### [The data]
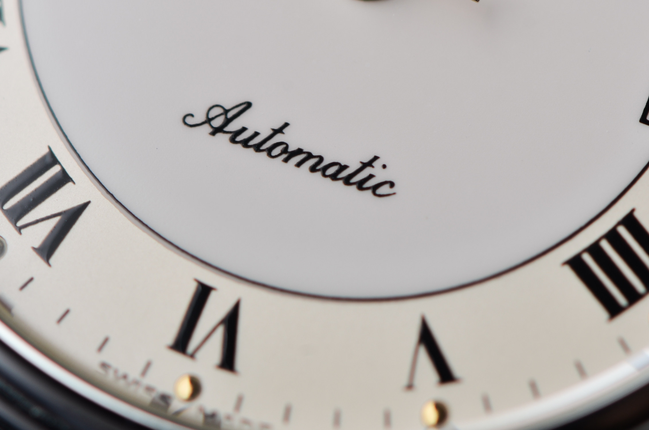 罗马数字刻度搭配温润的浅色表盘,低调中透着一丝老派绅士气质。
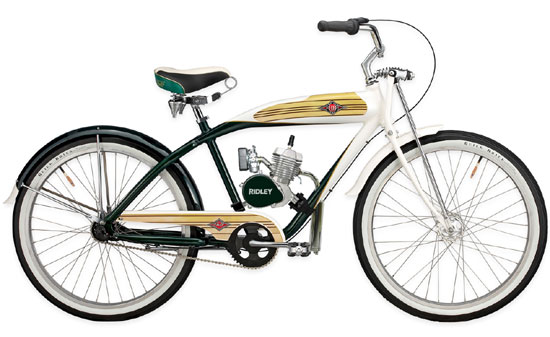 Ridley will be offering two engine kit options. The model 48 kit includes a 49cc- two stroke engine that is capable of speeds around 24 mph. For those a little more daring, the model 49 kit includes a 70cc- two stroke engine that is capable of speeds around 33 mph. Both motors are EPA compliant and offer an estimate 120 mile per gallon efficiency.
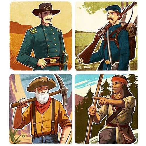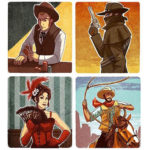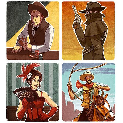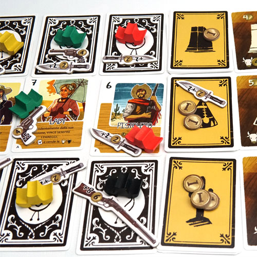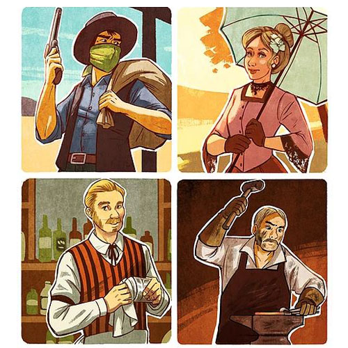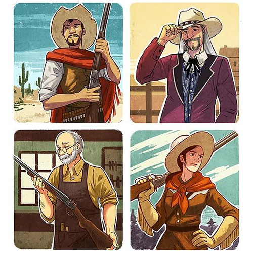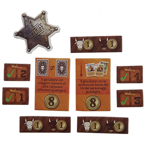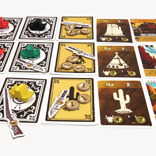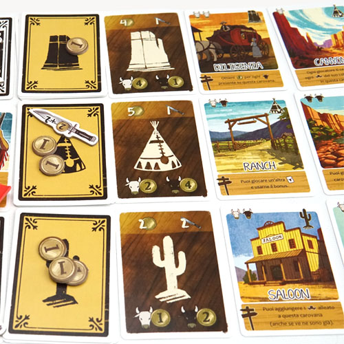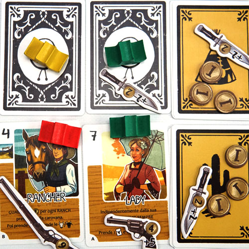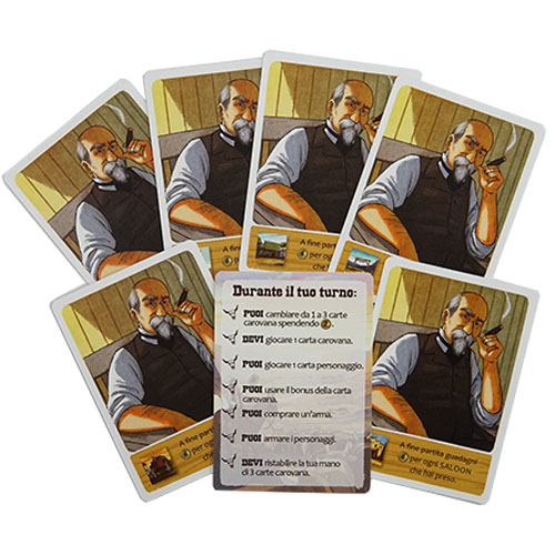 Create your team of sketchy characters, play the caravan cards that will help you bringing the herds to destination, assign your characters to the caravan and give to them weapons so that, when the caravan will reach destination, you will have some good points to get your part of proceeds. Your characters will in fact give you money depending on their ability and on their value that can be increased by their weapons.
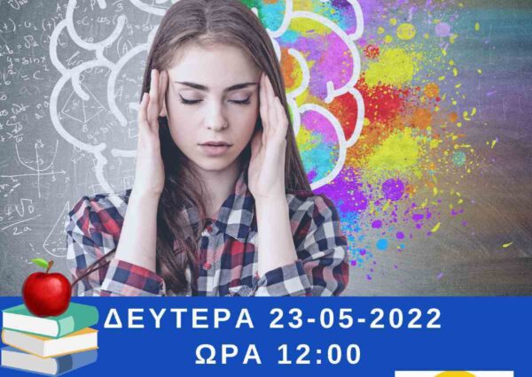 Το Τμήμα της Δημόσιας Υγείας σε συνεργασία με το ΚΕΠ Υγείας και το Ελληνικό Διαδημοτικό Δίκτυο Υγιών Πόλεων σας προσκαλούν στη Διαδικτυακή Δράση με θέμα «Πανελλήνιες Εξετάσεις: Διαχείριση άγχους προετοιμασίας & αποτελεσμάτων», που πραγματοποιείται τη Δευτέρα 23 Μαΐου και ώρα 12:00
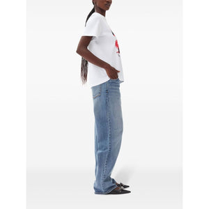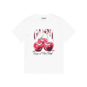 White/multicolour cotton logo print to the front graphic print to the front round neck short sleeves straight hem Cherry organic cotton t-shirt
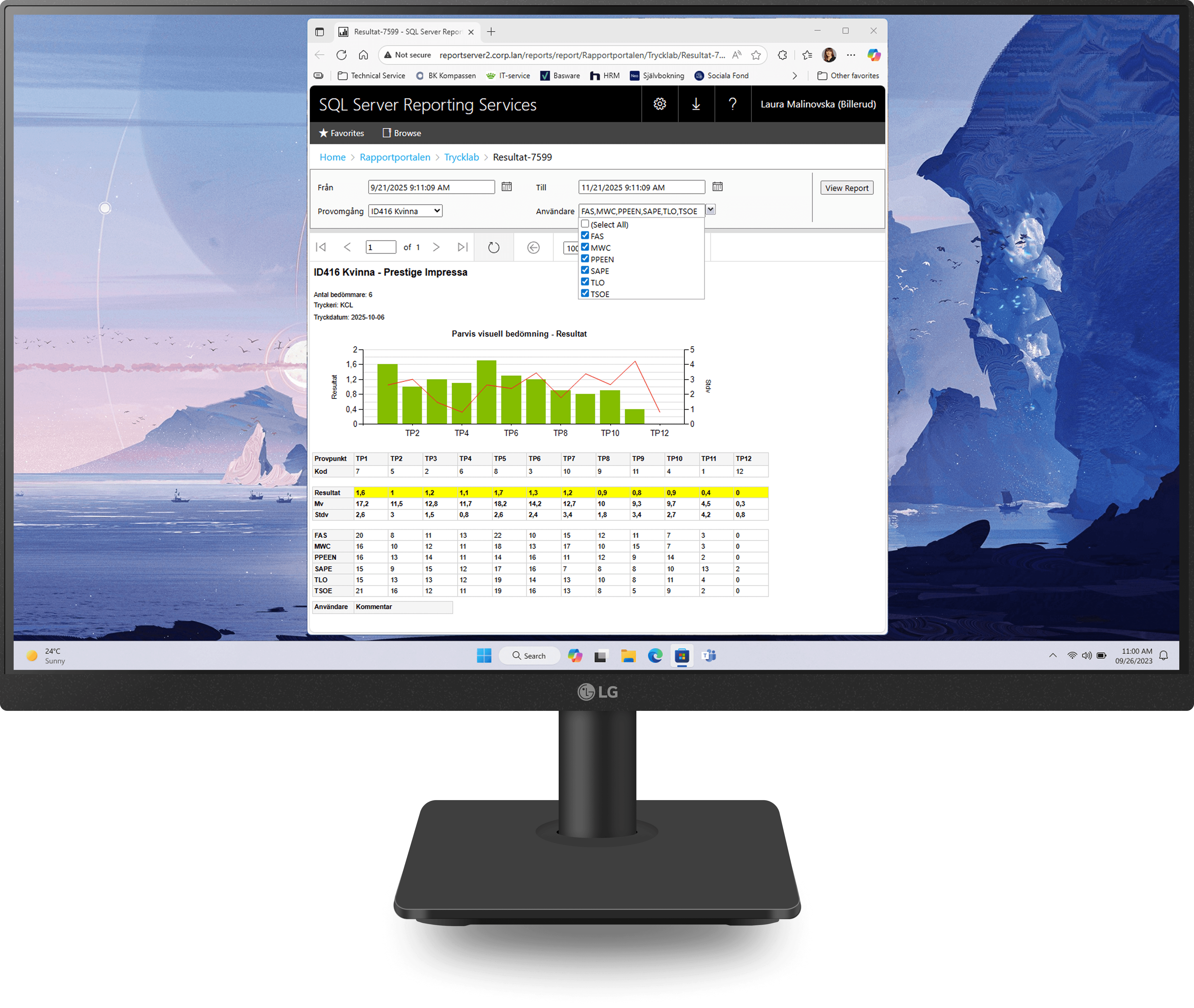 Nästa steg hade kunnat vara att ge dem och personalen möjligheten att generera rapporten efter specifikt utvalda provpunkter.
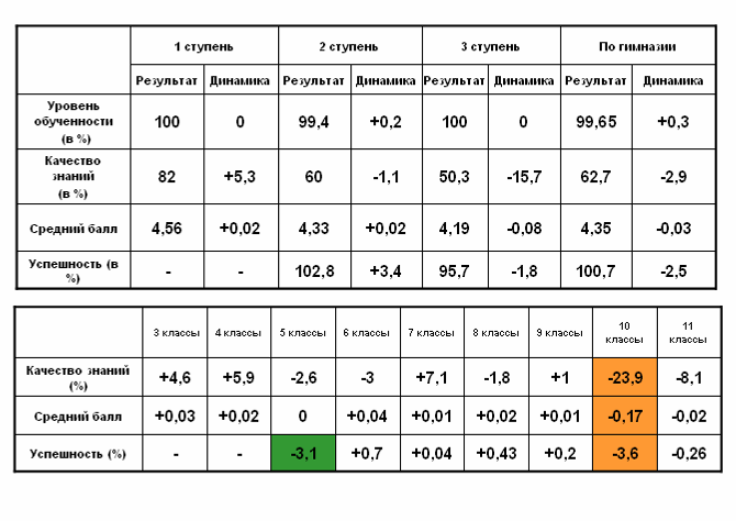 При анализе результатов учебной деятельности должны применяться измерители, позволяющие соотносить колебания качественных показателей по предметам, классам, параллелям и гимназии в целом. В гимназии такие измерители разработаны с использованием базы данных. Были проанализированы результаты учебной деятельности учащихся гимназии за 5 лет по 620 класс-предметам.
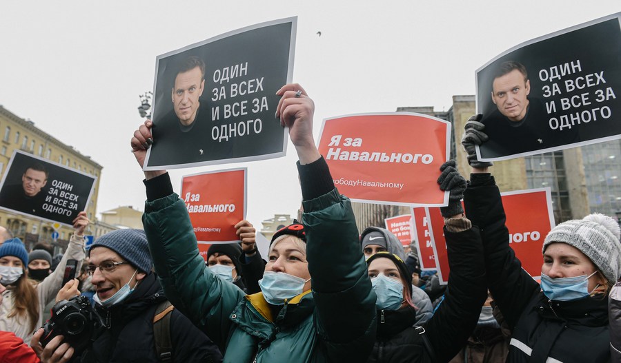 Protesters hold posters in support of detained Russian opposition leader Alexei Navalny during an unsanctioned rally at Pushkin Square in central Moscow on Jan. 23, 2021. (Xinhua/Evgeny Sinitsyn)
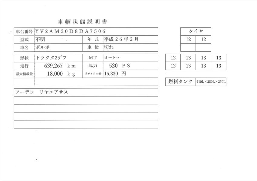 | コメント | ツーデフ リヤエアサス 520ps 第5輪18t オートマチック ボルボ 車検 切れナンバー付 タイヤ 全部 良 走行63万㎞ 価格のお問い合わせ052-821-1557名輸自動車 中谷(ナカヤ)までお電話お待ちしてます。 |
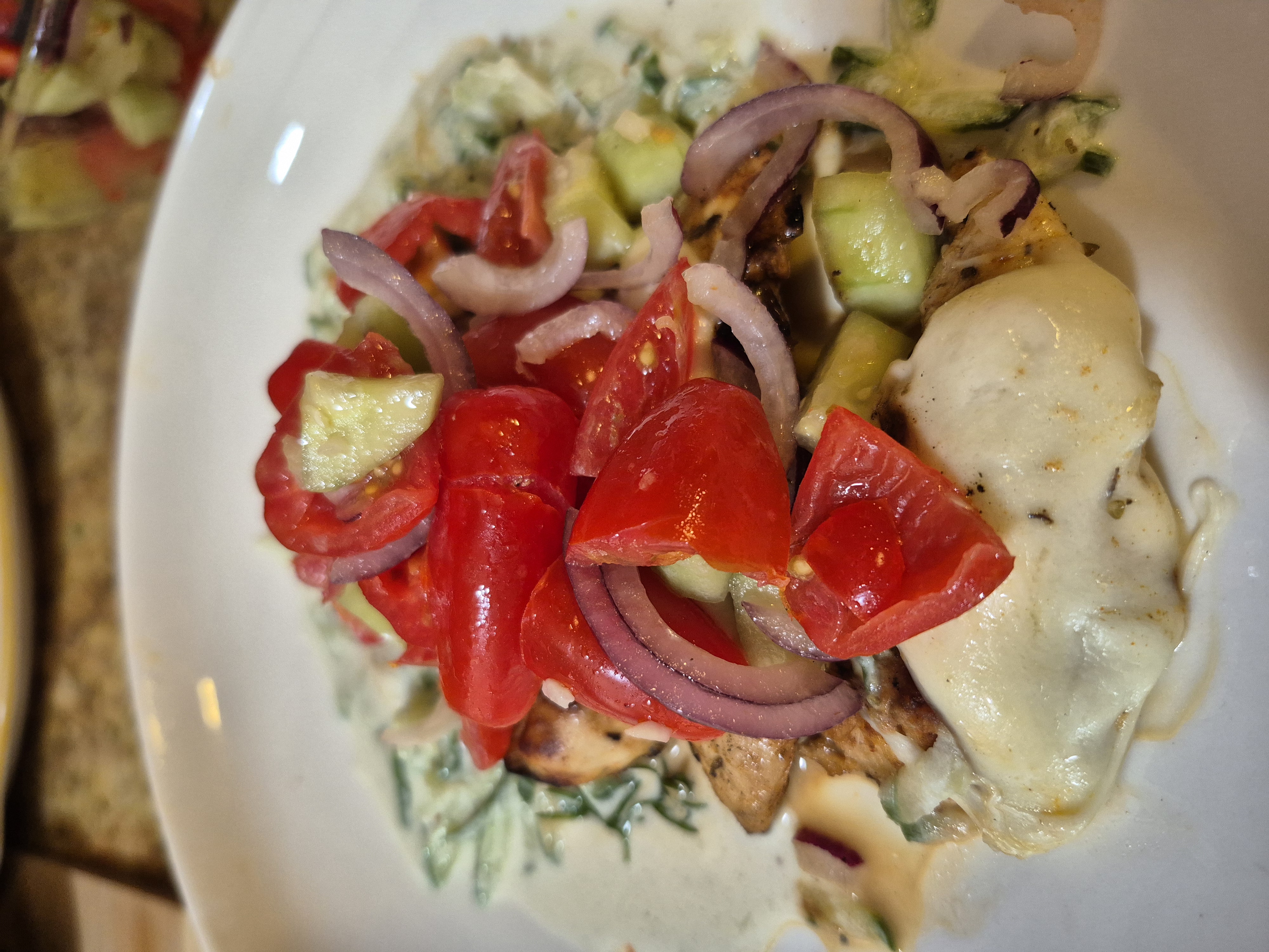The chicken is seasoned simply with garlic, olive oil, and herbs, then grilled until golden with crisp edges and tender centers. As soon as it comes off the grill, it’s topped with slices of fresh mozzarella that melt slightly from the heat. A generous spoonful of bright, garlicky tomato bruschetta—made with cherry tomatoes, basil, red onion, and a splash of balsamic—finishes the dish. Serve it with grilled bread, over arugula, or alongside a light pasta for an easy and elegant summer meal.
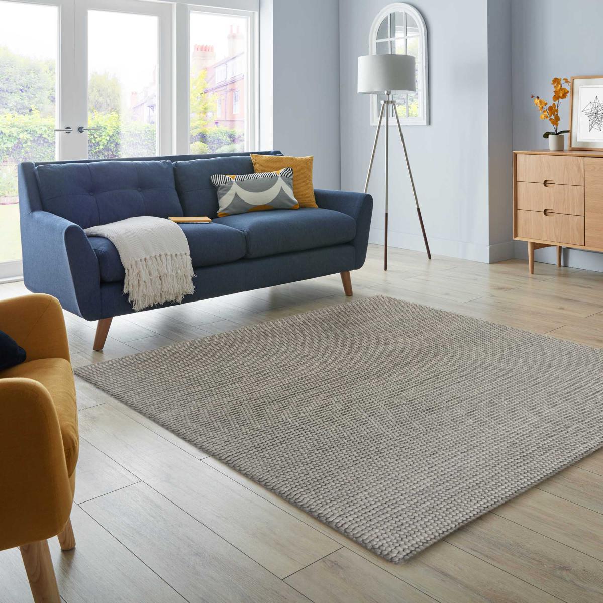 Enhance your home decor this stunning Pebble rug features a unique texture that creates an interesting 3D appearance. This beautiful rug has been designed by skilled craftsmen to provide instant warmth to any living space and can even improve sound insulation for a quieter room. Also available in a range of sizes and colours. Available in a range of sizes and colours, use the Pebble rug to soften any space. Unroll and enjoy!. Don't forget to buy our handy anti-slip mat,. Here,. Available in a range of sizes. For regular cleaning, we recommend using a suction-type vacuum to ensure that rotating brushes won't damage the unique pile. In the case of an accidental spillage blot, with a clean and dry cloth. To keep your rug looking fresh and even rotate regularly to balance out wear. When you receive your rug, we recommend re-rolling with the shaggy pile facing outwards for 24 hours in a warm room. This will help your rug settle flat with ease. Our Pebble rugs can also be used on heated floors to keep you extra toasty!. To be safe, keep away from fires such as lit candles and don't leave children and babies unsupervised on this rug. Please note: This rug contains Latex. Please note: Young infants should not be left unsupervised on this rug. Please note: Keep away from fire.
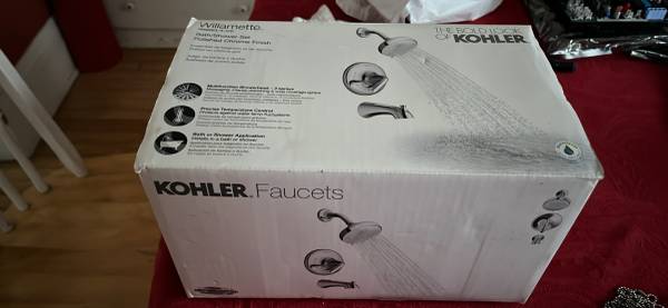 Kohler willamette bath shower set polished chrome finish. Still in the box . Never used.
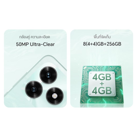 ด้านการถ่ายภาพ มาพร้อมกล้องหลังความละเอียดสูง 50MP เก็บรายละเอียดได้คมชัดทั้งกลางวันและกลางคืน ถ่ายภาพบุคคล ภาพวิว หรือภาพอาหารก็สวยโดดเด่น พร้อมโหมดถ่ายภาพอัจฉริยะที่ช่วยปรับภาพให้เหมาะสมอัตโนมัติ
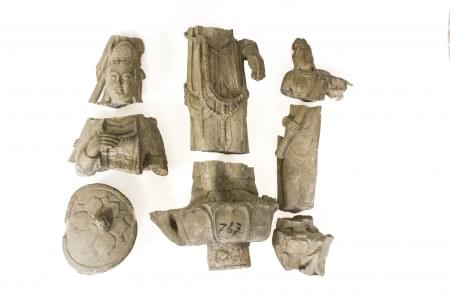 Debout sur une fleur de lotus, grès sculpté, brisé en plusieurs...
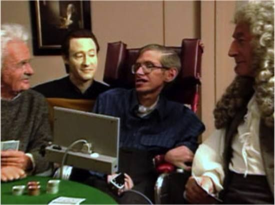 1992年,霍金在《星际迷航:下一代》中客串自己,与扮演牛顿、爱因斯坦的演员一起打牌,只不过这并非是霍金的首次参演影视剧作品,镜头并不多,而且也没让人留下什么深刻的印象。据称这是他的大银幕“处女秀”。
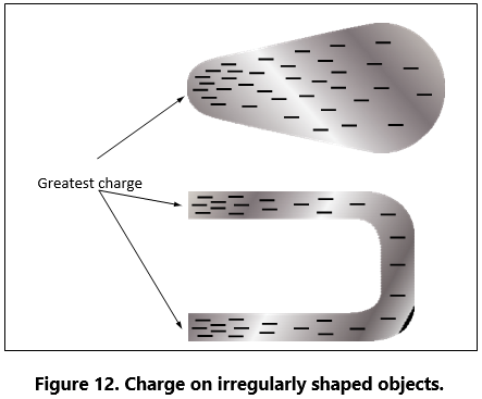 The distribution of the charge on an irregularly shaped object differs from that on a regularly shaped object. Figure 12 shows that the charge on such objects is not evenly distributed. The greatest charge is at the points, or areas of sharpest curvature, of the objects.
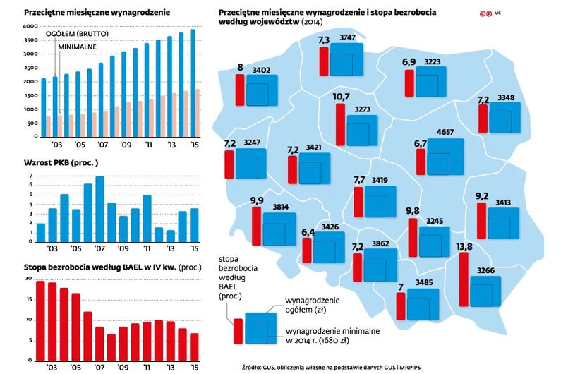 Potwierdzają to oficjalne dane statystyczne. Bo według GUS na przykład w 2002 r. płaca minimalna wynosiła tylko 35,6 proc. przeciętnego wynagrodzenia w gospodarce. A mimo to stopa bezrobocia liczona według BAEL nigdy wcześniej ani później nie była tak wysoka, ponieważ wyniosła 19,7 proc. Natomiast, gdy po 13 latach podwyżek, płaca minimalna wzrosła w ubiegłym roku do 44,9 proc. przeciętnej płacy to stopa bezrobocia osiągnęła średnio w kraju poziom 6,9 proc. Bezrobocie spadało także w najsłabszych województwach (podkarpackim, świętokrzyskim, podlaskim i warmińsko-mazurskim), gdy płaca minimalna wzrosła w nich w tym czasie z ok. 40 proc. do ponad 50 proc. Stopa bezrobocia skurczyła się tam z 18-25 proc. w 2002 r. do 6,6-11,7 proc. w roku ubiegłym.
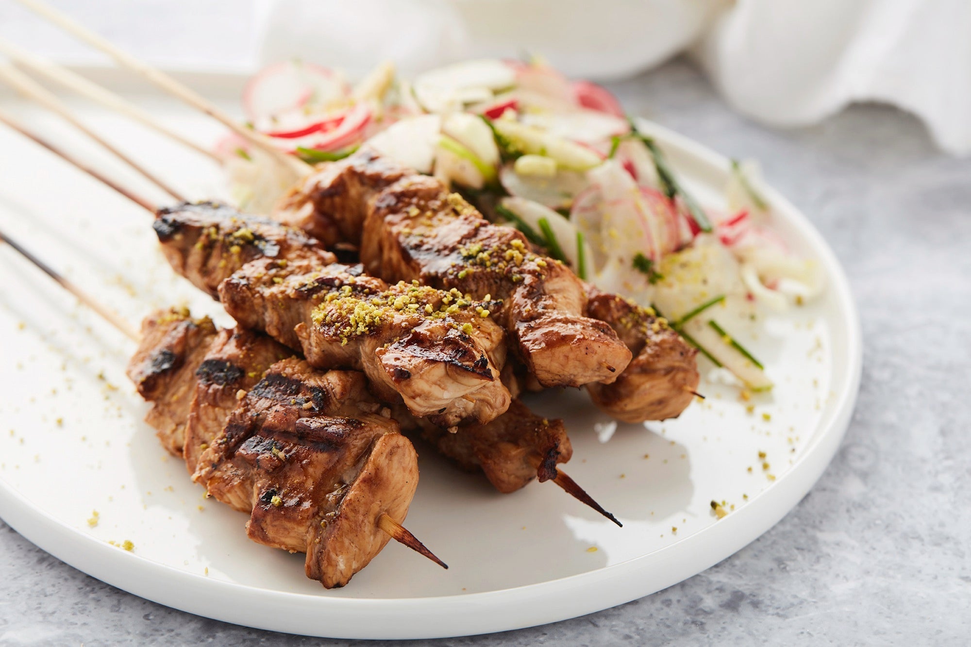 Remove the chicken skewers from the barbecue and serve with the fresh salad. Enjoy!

### [Task brief]
Set down all of the entries precisely and keep the pictures out of the copy.

### [Answer section]
 罗马数字刻度搭配温润的浅色表盘,低调中透着一丝老派绅士气质。
 Ridley will be offering two engine kit options. The model 48 kit includes a 49cc- two stroke engine that is capable of speeds around 24 mph. For those a little more daring, the model 49 kit includes a 70cc- two stroke engine that is capable of speeds around 33 mph. Both motors are EPA compliant and offer an estimate 120 mile per gallon efficiency.
 Create your team of sketchy characters, play the caravan cards that will help you bringing the herds to destination, assign your characters to the caravan and give to them weapons so that, when the caravan will reach destination, you will have some good points to get your part of proceeds. Your characters will in fact give you money depending on their ability and on their value that can be increased by their weapons.
 Το Τμήμα της Δημόσιας Υγείας σε συνεργασία με το ΚΕΠ Υγείας και το Ελληνικό Διαδημοτικό Δίκτυο Υγιών Πόλεων σας προσκαλούν στη Διαδικτυακή Δράση με θέμα «Πανελλήνιες Εξετάσεις: Διαχείριση άγχους προετοιμασίας & αποτελεσμάτων», που πραγματοποιείται τη Δευτέρα 23 Μαΐου και ώρα 12:00
 White/multicolour cotton logo print to the front graphic print to the front round neck short sleeves straight hem Cherry organic cotton t-shirt
 Nästa steg hade kunnat vara att ge dem och personalen möjligheten att generera rapporten efter specifikt utvalda provpunkter.
 При анализе результатов учебной деятельности должны применяться измерители, позволяющие соотносить колебания качественных показателей по предметам, классам, параллелям и гимназии в целом. В гимназии такие измерители разработаны с использованием базы данных. Были проанализированы результаты учебной деятельности учащихся гимназии за 5 лет по 620 класс-предметам.
 Protesters hold posters in support of detained Russian opposition leader Alexei Navalny during an unsanctioned rally at Pushkin Square in central Moscow on Jan. 23, 2021. (Xinhua/Evgeny Sinitsyn)
 | コメント | ツーデフ リヤエアサス 520ps 第5輪18t オートマチック ボルボ 車検 切れナンバー付 タイヤ 全部 良 走行63万㎞ 価格のお問い合わせ052-821-1557名輸自動車 中谷(ナカヤ)までお電話お待ちしてます。 |
The chicken is seasoned simply with garlic, olive oil, and herbs, then grilled until golden with crisp edges and tender centers. As soon as it comes off the grill, it’s topped with slices of fresh mozzarella that melt slightly from the heat. A generous spoonful of bright, garlicky tomato bruschetta—made with cherry tomatoes, basil, red onion, and a splash of balsamic—finishes the dish. Serve it with grilled bread, over arugula, or alongside a light pasta for an easy and elegant summer meal.
 Enhance your home decor this stunning Pebble rug features a unique texture that creates an interesting 3D appearance. This beautiful rug has been designed by skilled craftsmen to provide instant warmth to any living space and can even improve sound insulation for a quieter room. Also available in a range of sizes and colours. Available in a range of sizes and colours, use the Pebble rug to soften any space. Unroll and enjoy!. Don't forget to buy our handy anti-slip mat,. Here,. Available in a range of sizes. For regular cleaning, we recommend using a suction-type vacuum to ensure that rotating brushes won't damage the unique pile. In the case of an accidental spillage blot, with a clean and dry cloth. To keep your rug looking fresh and even rotate regularly to balance out wear. When you receive your rug, we recommend re-rolling with the shaggy pile facing outwards for 24 hours in a warm room. This will help your rug settle flat with ease. Our Pebble rugs can also be used on heated floors to keep you extra toasty!. To be safe, keep away from fires such as lit candles and don't leave children and babies unsupervised on this rug. Please note: This rug contains Latex. Please note: Young infants should not be left unsupervised on this rug. Please note: Keep away from fire.
 Kohler willamette bath shower set polished chrome finish. Still in the box . Never used.
 ด้านการถ่ายภาพ มาพร้อมกล้องหลังความละเอียดสูง 50MP เก็บรายละเอียดได้คมชัดทั้งกลางวันและกลางคืน ถ่ายภาพบุคคล ภาพวิว หรือภาพอาหารก็สวยโดดเด่น พร้อมโหมดถ่ายภาพอัจฉริยะที่ช่วยปรับภาพให้เหมาะสมอัตโนมัติ
 Debout sur une fleur de lotus, grès sculpté, brisé en plusieurs...
 1992年,霍金在《星际迷航:下一代》中客串自己,与扮演牛顿、爱因斯坦的演员一起打牌,只不过这并非是霍金的首次参演影视剧作品,镜头并不多,而且也没让人留下什么深刻的印象。据称这是他的大银幕“处女秀”。
 The distribution of the charge on an irregularly shaped object differs from that on a regularly shaped object. Figure 12 shows that the charge on such objects is not evenly distributed. The greatest charge is at the points, or areas of sharpest curvature, of the objects.
 Potwierdzają to oficjalne dane statystyczne. Bo według GUS na przykład w 2002 r. płaca minimalna wynosiła tylko 35,6 proc. przeciętnego wynagrodzenia w gospodarce. A mimo to stopa bezrobocia liczona według BAEL nigdy wcześniej ani później nie była tak wysoka, ponieważ wyniosła 19,7 proc. Natomiast, gdy po 13 latach podwyżek, płaca minimalna wzrosła w ubiegłym roku do 44,9 proc. przeciętnej płacy to stopa bezrobocia osiągnęła średnio w kraju poziom 6,9 proc. Bezrobocie spadało także w najsłabszych województwach (podkarpackim, świętokrzyskim, podlaskim i warmińsko-mazurskim), gdy płaca minimalna wzrosła w nich w tym czasie z ok. 40 proc. do ponad 50 proc. Stopa bezrobocia skurczyła się tam z 18-25 proc. w 2002 r. do 6,6-11,7 proc. w roku ubiegłym.
 Remove the chicken skewers from the barbecue and serve with the fresh salad. Enjoy!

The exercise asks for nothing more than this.